監理責任

未完成のまま、入居になって
名前:みかんさん(2003/8/28)
数日前に入居しましたが、工事が遅れて前日も戦場状態。鍵だけはもらったものの、その後も工事は続き、朝までやっていたもよう。完成チェックどころではありません。引っ越しても、当然、壁は乾いておらず、珪藻土は完全に固まらないため、ぼろぼろに。全部やり直してもらうことになりましたが、入居後2週間も、職人が出入りするという状態を余儀なくされます。引越しでくたくたなのに、うちの中に常に他人がうろうろしている状態というのは、想像を絶するストレスです。引越し延期の相談もなく、「なんとか間にあわせます」と言ってたけど、こんなことになるのはわかっていたはず。設計士にも監理の責任があると思うのですが。
 金銭的補償の交渉をしようと思います。どのようにしたらいいでしょう。事例があれば、教えて下さい。
契約書に記載があるはずですが…
名前:上田 勝さん(2003/8/31)
みかんさん、こんにちは。

>金銭的補償の交渉をしようと思います。
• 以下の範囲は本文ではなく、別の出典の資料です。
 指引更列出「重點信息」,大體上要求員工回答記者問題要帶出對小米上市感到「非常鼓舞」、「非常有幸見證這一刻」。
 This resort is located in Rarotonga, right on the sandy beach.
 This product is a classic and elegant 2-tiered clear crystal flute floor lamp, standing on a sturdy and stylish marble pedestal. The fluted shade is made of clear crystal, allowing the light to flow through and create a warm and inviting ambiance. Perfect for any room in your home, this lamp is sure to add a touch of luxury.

どのように
>したらいいでしょう。事例があれば、教えて下さい。 

通常は請負契約書の中に、完成引渡し期日が記載され、それを過ぎた場合、履行遅滞違約金の条項が設定してあるはずです。それをご確認の上、契約書規定通りに請求するということになりますね。
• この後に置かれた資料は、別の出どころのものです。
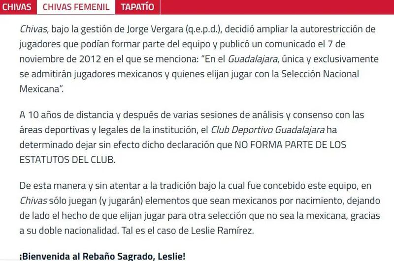 EL CASO LESLIE RAMÍREZ Y OTRA MODIFICACIÓN A LA REGLA DE ‘SOLO MEXICANOS’ EN CHIVAS
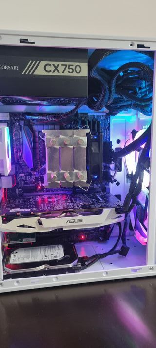 Potente PC de alta gama, ideal para gaming y tareas exigentes. Diseño moderno con iluminación RGB y ventiladores lianli. - Tarjeta gráfica Gigabyte RTX 3060ti - Processador Ryzen 5 5500 - RAM 32gb (4x8gb) ddr4 3200mhz Forgeon - Placa base b550 Pro Vdh Wifi - Almacenamiento 1tb ssd 1.7 samsung - Refrigeracion Liquida Thermalright V3 360 - Gabinete Montech xr white - Múltiples ventiladores con iluminación de lianli infinity mirror. Componentes valorados en 1300€
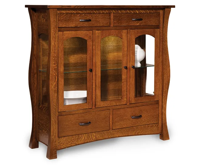 The overall design with the welcoming arcs and curves exudes a soothing and calming touch your friends and family would appreciate in a gathering. Amish York High Buffet radiates class and vibrance, that grabs the attention of everyone in the room. Display your precious dinner wares and other family heirloom behind its glass doors and sides.
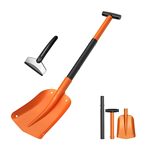 VOLTASK Snow Shovel for Car Aluminum 3-Piece Collapsible 32'' Lightweight Compact Sport Utility Shovel with Ice Scraper for Car Emergency Camping Garden Beach
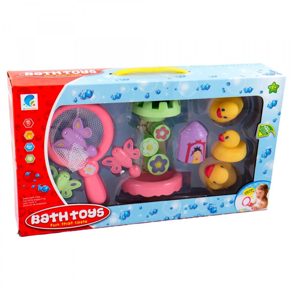 Ez a vidám, 9 darabos fürdőjáték készlet tökéletes minden apró csemete számára, aki szeret játszani. A segítségével a pancsolás is egy új móka forrása lesz. Ezentúl nem lesz probléma a fürdetés! A készletben három gumikacsa, három pillangó, egy kis vár alakú vízimalom, valamint egy királylány mintás kiegészítő szórakoztatja a kicsiket.

それ以外に例えば仮住まい費用の延長分など、遅延によって被った被害を金銭換算可能であれば請求はできますが、入居中の工事によって被った精神的苦痛という理由で賠償を請求できるかと言うと、それは裁判に訴える方法しかないと思います。

みかんさんにも入居を急ぐ事情がおありだったのかもしれませんが、遅延したとはいえ引渡し前に入居している以上、入居中に工事が行われたとしても、それは仕方のないことであるように思います。業者としては遅延は遅延として、必要な工事はしなくてはなりませんからね。住宅は工業製品とは違いますから、天候不順等で予定された工事が遅れるなどして引渡しに間に合わない場合も時としてあります。

住宅は完成したらおしまい、というわけでは当然なく、施工業者とは末永く付き合っていかなくてはならないわけで、履行遅延以外に業者に過失や重大なミスがないならば、誠意を尽した話し合いで解決する方がお互いにとってよいことでしょう。

例えば賠償や違約金請求という形はとらずに、値引きという形をとるなどによって、穏やかな決着をはかることをまず検討なさってください。契約書に履行遅滞の場合の請求額が規定されているのならば、その額を限度とした値引き額を提示してみるなども方法でしょう。紛争処理や裁判に移るのは関係修復が困難となった最後の手段ですから、まずは冷静な話し合いの機会を持つことです。